Bharat, Hari and Raji set off to attend Bharat's lover's marriage. Despite Hari's consoling advice, Bharat commits suicide in the train. Hari does not attend his funeral. When Raji questions him, Hari replies by saying that Bharat took a wrong step and he doesn't like such people.
Raji realises that Hari is a very good guy. In spite of she rejecting him, he has always helped her and is still in love with her. She falls for him. Hari is stabbed by some goons with whom he fought earlier. He is hospitalised.

But at the same time Raji's parents are preparing for her match making. Raji confesses to her father that she wants to marry Hari. At that moment, she gets a call from a hospital informing her about Hari's accident. Raji rushes to the hospital where the doctor informs her that Hari will be treated for his stab wounds, but he cannot be treated for his cancer, which is in the last stage. Raji cries over his sick bed, finally accepting his proposal. To this Hari smiles mischievously and the doctor reveals that he does not have cancer, they just played a prank to tease her. Hari and Raji hug each other.

== Production ==
Jyothika was to pair up with Shaam for the film but she was replaced by Sneha at Shaam's request, who later teamed up with Shaam in ABCD (2005) and Inba (2008). The makers chose to shoot the song "Thottu Thottu" in Syria, with the ancient ruins of Palmyra used as the backdrop.

== Soundtrack ==
Vasanth opted to use five new composers to compose a song each in the film. Leading playback singer Srinivas, who had previously composed private albums, made his first film song with "Inni Naanum Naanillai", singing it alongside Sujatha. He also introduced singer Sunitha Sarathy into playback singing, giving her a chance to a part of his composition. Ramesh Vinayakam made his debut with this film, he composed and sang "Thottu Thottu". Raaghav composed "Oru Kaadhal Vandhucho" along with Raja. Murugan (brother of singer Anuradha Sriram) who is a drummer and also sang "Nee Illai Endral" in Dheena composed "Poi Sollalam". Raaghav and Murugan played supporting roles in the film. "Oru Kaadhal Vandhucho" topped the charts, although the film's failure meant that Raaghav shifted his focus to acting.

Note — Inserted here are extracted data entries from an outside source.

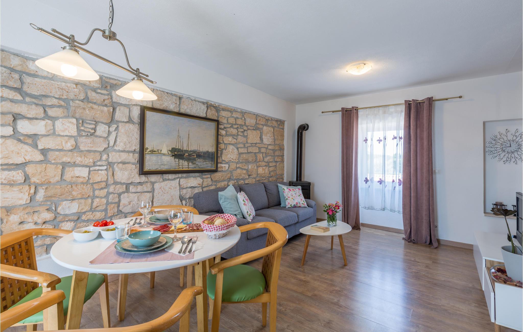 Føl jer rigtig godt tilpas i det attraktive hus, som tilbyder de perfekte rammer for en afslappende pause med sit hyggelige interiør. Her møder synlige murværker og dekorative trælofter moderne møbler, en suveræn stilfuld blanding, der gør det nemt for jer at slappe af. Efter en dejlig feriedag, som I måske har brugt på en udflugt, inviterer den komfortable sofa til at sidde behageligt sammen i lang tid, gennemgå jeres oplevelser og lægge planer for næste dag.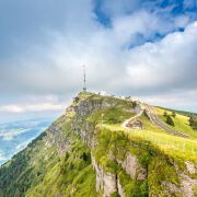 早在19世纪维克多·雨果等文化名人就到访过这里,1864年英国维多利亚女王也曾亲临此地。游客可以选择搭乘登山铁道列车或缆车登山。从菲茨瑙出发,有建于1871年的欧洲第一条齿轨登山铁道,从Goldau出发也有齿轨登山铁道,两条线路都可以登顶(RigiKulm)。若是从韦吉斯出发,则可以坐缆车线,从高空欣赏它的壮美风光,但只到山的中间站—卡尔特巴德半山小镇。它的山势较为舒缓,超过一百公里的步行道自上而下在山体的侧面延展开。这里的高山植被也多达上千种,甚至还有一条山花小径。还有一条约2小时可以走完的下山缓坡,景色宜人,也不需要特别强的体力。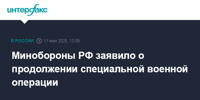 Москва. 11 мая. INTERFAX.RU - Российские войска продолжили СВО после завершения режима прекращения огня, сообщило Минобороны РФ в воскресенье.
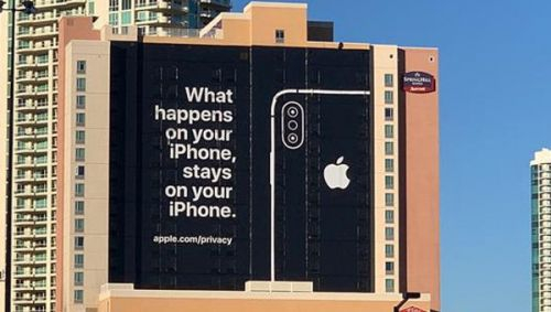 虽然不参会,但苹果却在去年CES展外大楼上竖起了一块巨大的招牌,宣传其设备的安全隐私特性。

| Song | Composer(s) | Singers | Lyricist |
|---|---|---|---|
| "Yamini Yamini" | Aravind–Shankar | Harish Raghavendra | Pa. Vijay |
| "Thottu Thottu" | Ramesh Vinayakam | Ramesh Vinayakam, Srivardhini | Palani Bharathi |
| "Oru Kadhal Vandicho" | Raaghav-Raja | Shankar Mahadevan | Thamarai |
| "Inni Naanum Naanilai" | Srinivas | Srinivas, Sujatha, Sunitha Sarathy | Thamarai |
| "Poi Sollalam" | Murugan | P. Unnikrishnan, Anuradha Sriram | Pa. Vijay |

== Reception ==
The Hindu wrote that "This is Shaam's second film after ``12B and he proves that he is complete hero material — good at dance and in expressions". Sify wrote that "On the whole Vassant has dished out an undernourished love story which lacks both style and soul". Malini Mannath of Chennai Online wrote that "And for the first half, the director keeps his narration closer to the issue. But then as the film progresses, it is like the director was distracted, loses focus of the theme, and the main issue gets sidelined in the process". Kalki, instead of publishing their own review, compiled and published the comments of viewers. Cinesouth wrote, "Tamil cinema has seen such stories countless number of times. 'Poove Unakkaaga' and 'Rojakootam' indirectly belong to this category. In those films, the incidents narrate the story. In this film, Vasanth's approach stops with the dialogues alone. A story like this hasn't been dragged properly with a good screenplay. As a result, the movie, especially the first half of it, fumbles along and gives us the feeling that the story is drifting along aimlessly".

The film received criticism for the climax, but is still considered an underrated film.